Available records:

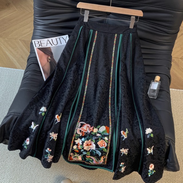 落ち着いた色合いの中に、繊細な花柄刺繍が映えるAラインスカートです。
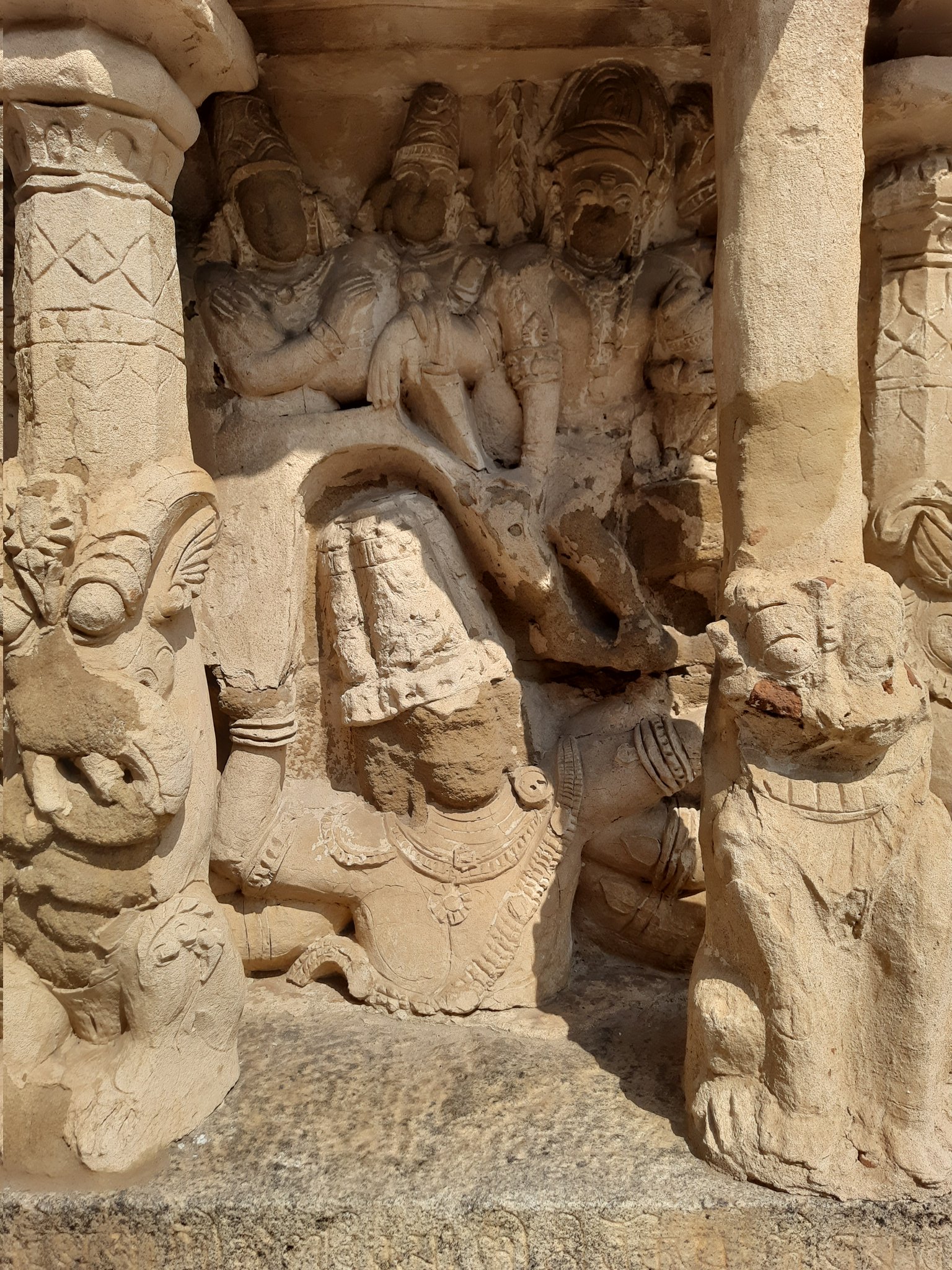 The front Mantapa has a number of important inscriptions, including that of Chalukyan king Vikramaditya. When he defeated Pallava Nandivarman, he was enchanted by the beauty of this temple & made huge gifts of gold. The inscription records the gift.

---

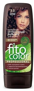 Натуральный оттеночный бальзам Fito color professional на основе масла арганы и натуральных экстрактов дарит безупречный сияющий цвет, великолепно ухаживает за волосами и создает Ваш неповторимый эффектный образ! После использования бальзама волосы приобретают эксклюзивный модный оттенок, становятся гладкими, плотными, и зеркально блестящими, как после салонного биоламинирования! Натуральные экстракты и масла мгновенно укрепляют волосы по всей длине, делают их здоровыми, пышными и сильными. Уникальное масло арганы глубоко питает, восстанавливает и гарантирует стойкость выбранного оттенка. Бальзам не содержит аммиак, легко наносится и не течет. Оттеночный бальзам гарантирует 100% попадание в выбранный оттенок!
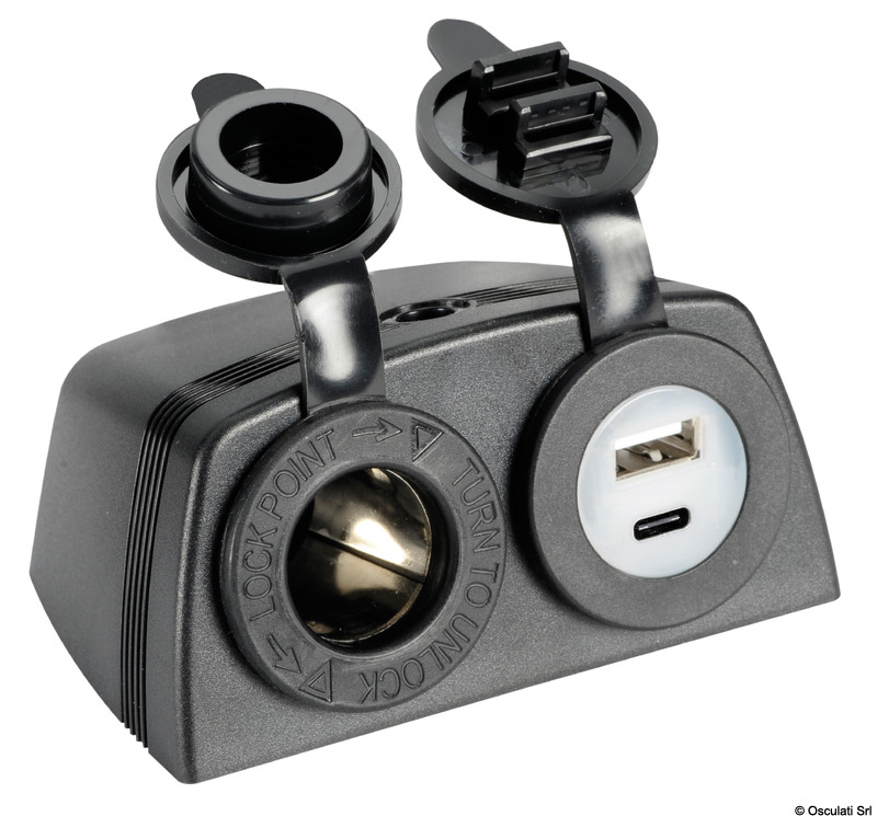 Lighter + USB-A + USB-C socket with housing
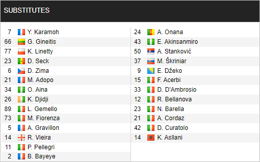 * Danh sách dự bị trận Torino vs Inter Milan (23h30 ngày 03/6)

Task description: Word for word, write out the lines above running from the one with "落ち着いた色合いの中に、繊細な花柄刺繍が映えるAラインスカートです。" up to and including the one with "The front Mantapa". Drop any picture.

Response:
 落ち着いた色合いの中に、繊細な花柄刺繍が映えるAラインスカートです。
 The front Mantapa has a number of important inscriptions, including that of Chalukyan king Vikramaditya. When he defeated Pallava Nandivarman, he was enchanted by the beauty of this temple & made huge gifts of gold. The inscription records the gift.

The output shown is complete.